A la sortie du parking, David Turner, conseiller municipal du SNP, le parti indépendantiste écossais, essaie de faire pencher le coeur des indécis.
Cheveux blancs et veste bleue, le presque quinquagénaire distribue des dépliants pro-UE. « En Ecosse, le remain va l’emporter largement », affirme-t-il. Pour l’ensemble du Royaume-Uni, il préfère ne pas s’avancer. C’est dans ce bureau de vote que la Première ministre écossaise, Nicola Sturgeon, est venue voter dans la journée, accompagnée de son mari.
« Les sondages montrent que ça va se jouer dans un mouchoir de poche, c’est pourquoi il est très important d’aller voter aujourd’hui », a déclaré la leader du SNP à la sortie du bâtiment.
Pour autant, en Ecosse, les jeux sont presque faits : contrairement aux Anglais, très partagés, les Ecossais sont, comme elle, largement favorables à un maintien dans l’UE.
« Le droit de quitter le Royaume-Uni »
C’est pourquoi, si le « out » (sortie) l’emporte, « les gens pousseront pour un nouveau référendum » d’indépendance de l’Ecosse, estime Michael Renfrew, étudiant en économie de 23 ans, barbe rousse et espadrilles. « Je pense que l’indépendance pourrait l’emporter cette fois-ci ».
« Ce serait le droit des Ecossais que de quitter le Royaume-Uni pour demander à rester membre de l’Union européenne », estime aussi John Gilmour, infirmier de 55 ans, devant un bureau de vote du centre de Glasgow. « L’Union européenne ne marche pas mais je vais voter +remain+ parce que je ne veux pas que le Parlement britannique concentre tous les pouvoirs », explique Connor McGarry, 25 ans.
Les nationalistes du SNP l’ont répété durant la campagne : un Brexit justifiera un nouveau référendum d’autodétermination si l’Ecosse -au contraire de l’Angleterre- votait massivement pour rester dans l’UE.

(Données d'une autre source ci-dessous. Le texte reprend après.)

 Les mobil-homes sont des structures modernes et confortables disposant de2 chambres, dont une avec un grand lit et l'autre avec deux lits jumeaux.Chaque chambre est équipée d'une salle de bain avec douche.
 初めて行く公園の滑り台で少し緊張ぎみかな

L’Angleterre et l’Ecosse « sont censés être des partenaires égaux. Si seule l’Angleterre vote pour un Brexit, ce ne serait pas juste », juge Vincent Mellon, 53 ans, assis sur banc de la vaste place George Square, dans le centre. « Ceux qui ont mené la campagne du +out+ se fichent de l’Ecosse ou de l’Irlande du Nord. Ils ne portent aucun intérêt à ce qui passe au-delà de Westminster », le parlement britannique, estime-t-il.

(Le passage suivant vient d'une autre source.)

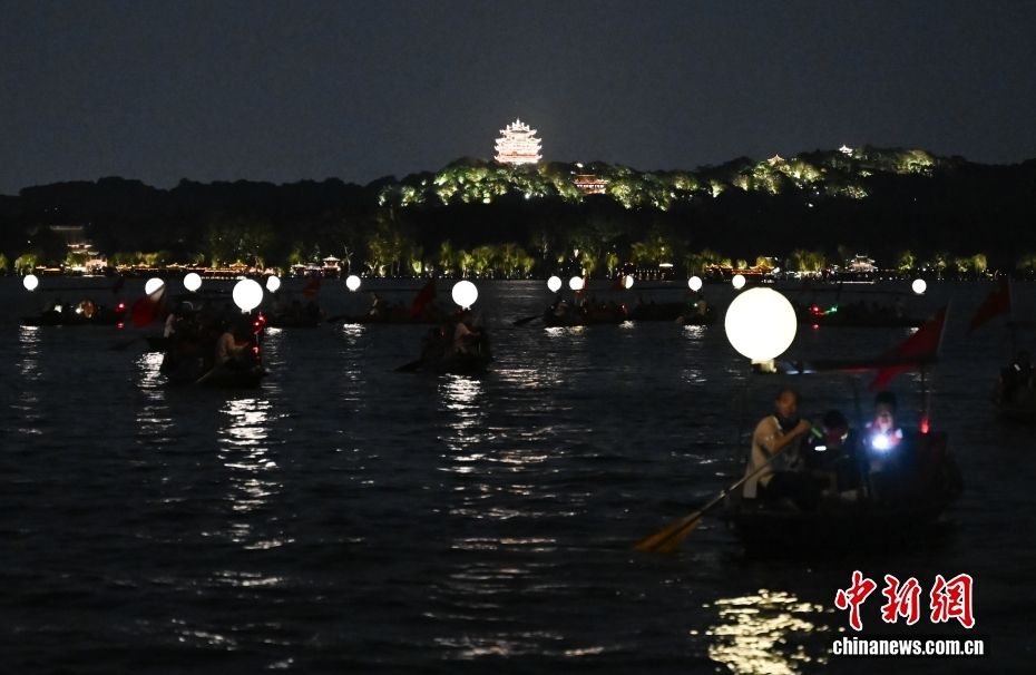 10月6日,在浙江杭州,33艘“月亮船”荡漾西湖湖面上,载着游客夜览西湖“月湖”景观。
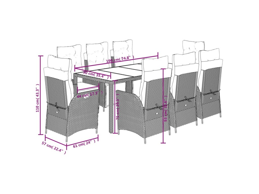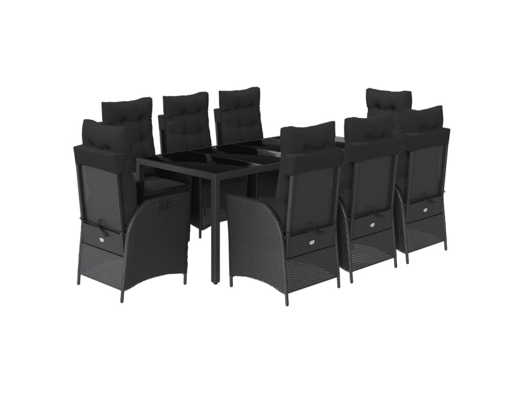 9dílný zahradní jídelní set s poduškami černý polyratan 3213075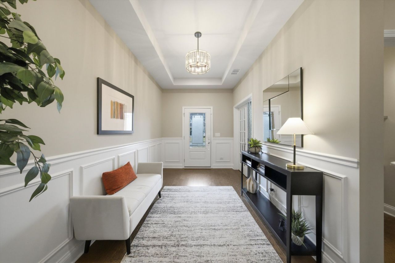 Welcome to the beautifully upgraded Lyon ranch model in the sought-after Loretto Club of south Wheaton. Built by Pulte Homes beginning in 2018-2020 on the former Loretto Convent site, this upscale enclave is ideally situated at the end of Somerset Lane between Chicago Golf Club and Seven Gables Park. Residents enjoy direct walking path access to the park's 66.5 acres of trails, sports fields, and tennis courts, while being just one mile to Danada Square and less than three miles to downtown Wheaton. Located west of Naperville Road and north of Butterfield Road, and served by Wheaton Community Unit School District 200. This spacious single-story home offers open-concept living with numerous upgrades throughout. Highlights include upgraded hardwood flooring, crown molding, tray ceilings, an elevated living room ceiling, and a gas fireplace. The kitchen features a walk-in pantry, quartz countertops, oversized island, KitchenAid gas cooktop, built-in oven and microwave, dishwasher, and Frigidaire Gallery refrigerator. LG washer and dryer are also included. The luxurious primary suite boasts an upgraded spa-style shower with rain showerhead, handheld, and four body sprays. A full unfinished English basement provides excellent storage or future expansion potential. Enjoy morning coffee in the dining area overlooking your covered deck, with views of mature trees, professional landscaping, Seven Gables Park & Chicago Golf Club. The professionally landscaped yard includes a sprinkler system and a new concrete patio perfect for grilling. Custom window treatments and drapes are included throughout the home. Experience low-maintenance living at its finest with HOA-covered lawn care and snow removal in one of Wheaton's most desirable communities.

Alex Blackshire, elle, ne veut pas entendre parler d’un nouveau référendum d’indépendance. « Il y a eu énormément de divisions au cours de la campagne de 2014, je ne veux pas que ça se reproduise », déclare la jeune femme de 25 ans.

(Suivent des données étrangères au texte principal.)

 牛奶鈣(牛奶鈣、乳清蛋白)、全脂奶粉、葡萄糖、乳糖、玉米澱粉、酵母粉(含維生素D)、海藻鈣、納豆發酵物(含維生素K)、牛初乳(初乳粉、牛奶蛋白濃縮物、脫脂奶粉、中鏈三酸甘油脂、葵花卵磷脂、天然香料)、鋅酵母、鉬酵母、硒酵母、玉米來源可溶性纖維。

Au volant de son taxi, en direction du centre-ville de Glasgow, James Ballantine ira voter pour un Brexit après sa journée de travail. « Il y a trop d’immigrés européens. Ils viennent ici et profitent des avantages sociaux », estime-t-il. « Qu’ils ne viennent pas chez nous s’ils n’ont rien à offrir. Nous devons reprendre le contrôle de notre pays », ajoute-t-il, reprenant une des phrases martelées par les partisans d’un Brexit tout au long de la campagne.